Somebody let the dinosaurs into the liquor cabinet. Steven Spielberg’s original Jurassic Park turned 21 last year and, just like anybody allowed to drink for the first time, it’s gone a little bit awry. With Jurassic World, director Colin Trevorrow makes a defiant display of wannabe maturity, but his film is ultimately a bit of a mess as it so desperately attempts to replicate the popular original, but does so without any of the class that Spielberg brought to his ground-breaking special effects extravaganza of 1993. Perhaps in returning to the franchise, the powers that be shouldn’t have handed over the reins to somebody with such little experience – this is only Trevorrow’s second feature after the low-budget indie Safety Not Guaranteed, which is a bizarre leap. Maybe someone who had the honed skills equivalent to Spielberg when he was at the top of his blockbuster game should have been the one in charge.

Certainly somebody with more experience would have spotted the myriad of problems inherent in Jurassic World, most of which can be laid at the feet of the screenplay. A screenplay that took four people to write, which is an alarming statistic. When the script isn’t simply recreating famous scenes from the original with less engaging characters who speak a lot and yet say so very little, it’s blindly ignoring plot holes and conjuring up half-baked ideas like breeding raptors to take on terrorists, which is just as silly as the gymnastics routine from the first sequel The Lost World.

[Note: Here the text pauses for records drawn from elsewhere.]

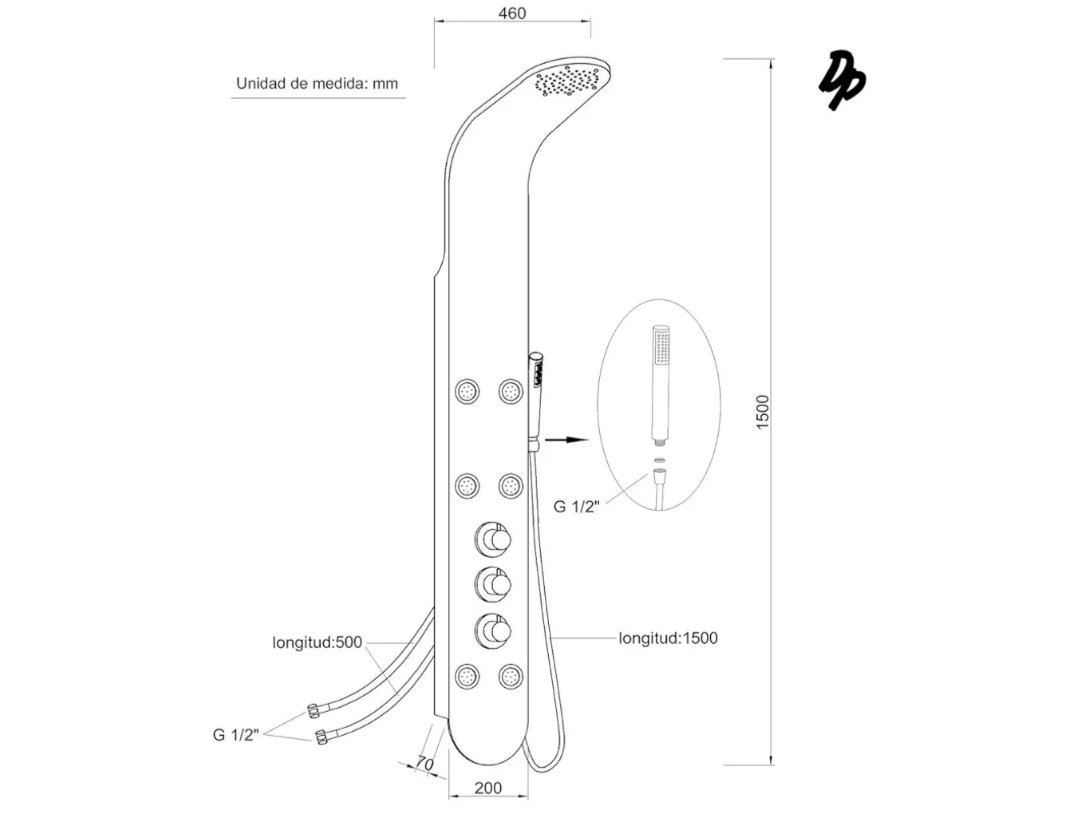 DP Grifería Dominicana- Columna de hidromasaje termostática en aluminio blanco
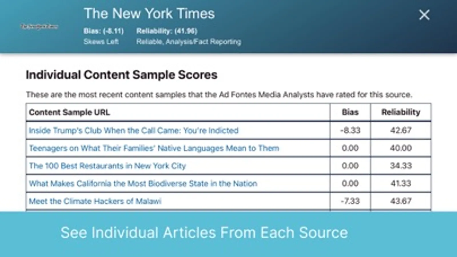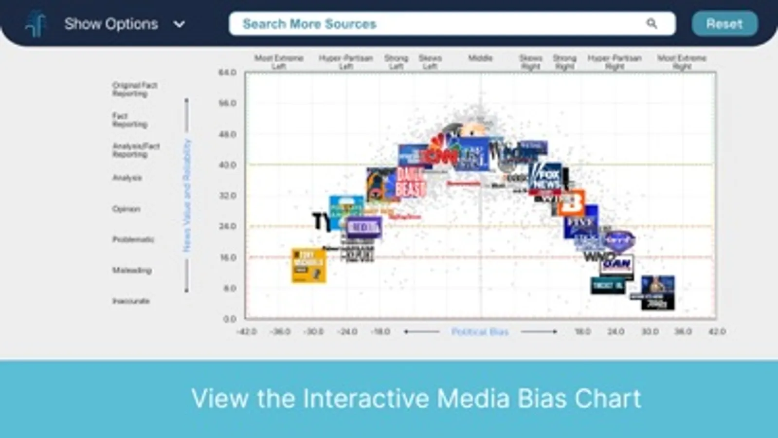 The Media Bias Chart app by Ad Fontes Media helps users gain a deeper understanding of the bias and reliability of news and news-like sources. An intuitive interface presents an extensive collection of news outlets along with their political bias and reliability assessments based on our robust methodology. This app equips users with the knowledge needed to critically evaluate news sources.
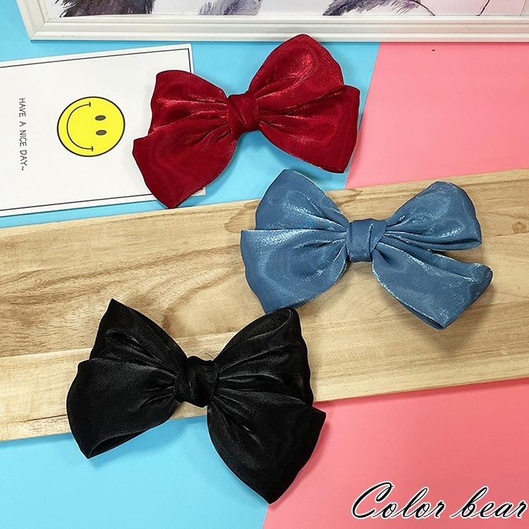 【卡樂熊】韓系緞面雙層蝶結造型髮夾/自動夾(三色可選)
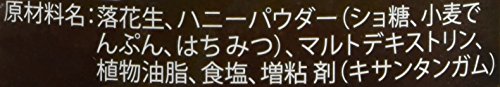 原材料:落花生、ハニーパウダー(ショ糖、小麦でんぷん、はちみつ)、マルトデキストリン、植物油脂、食塩、増粘剤(キサンタンガム)

Elsewhere, Trevorrow throws a barrage of weightless computer-generated imagery at the screen. So much so that the dinosaurs look fake, the theme park looks fake, and even the people look fake. Also, Vincent D’Onofrio as a villain so obviously evil from the first scene that I’m surprised he wasn’t twirling a mustache and cackling like a mad man in a top hat. Meanwhile, some of the violence is curiously mean-spirited, reveling in a sadistic glee with some of its on-screen deaths that feels at odds with the more child-friendly concept of modern-day dinosaurs. No doubt many audiences will enjoy the sight of characters being thrown about mid-air between pterodactyls like a rag doll before being thrown into another, much larger dinosaur’s pen and being torn apart, but its inclusion speaks to a group of writers who aren’t so much in awe of dinosaurs but in awe with what they can do with their visual effects programs. Maybe it’s actually smart of Trevorrow to throw away the childlike splendor of dinosaurs that marked Spielberg’s first two Jurassic Park movies and replace it with plastic violence, since that’s seemingly what audiences that grew up with the original want these days.

In the lead role, Chris Pratt is handsome and has a way with pithy one-liners, but the character is written on autopilot. He’s a clichéd, sexist douchebag, and Bryce Dallas Howard as his uptight lady sidekick is horrendous, presented as a demanding bitch who, really, just wants to be loved and have children (plus run away from dinosaurs in high heels — for her sake I hope those were CGI). I was glad when the action-packed third act kicked off because it meant not having to listen to the awful dynamics between these characters, and it meant we got to see he actually do something intelligent beyond simply screaming, acting clueless, and being told she’s stupid for wearing business-appropriate attire at her job.

In spite of its many problems, there is still an enjoyment factor to Jurassic World on a purely superficial level. If the thrill of watching big ol’ dinosaurs traipsing around and fighting one another is ever not a thrill, then the cinema has failed. But it’s impossible to look past the fact that they have bungled what should be an easy slam dunk. It’s only a matter of time (and sequels) before the question of why they keep trying to bring these animals back to life when it’s obvious that they’re more trouble than they’re worth becomes too hard to ignore — no matter how many newfangled genetic mutant dinos they give us.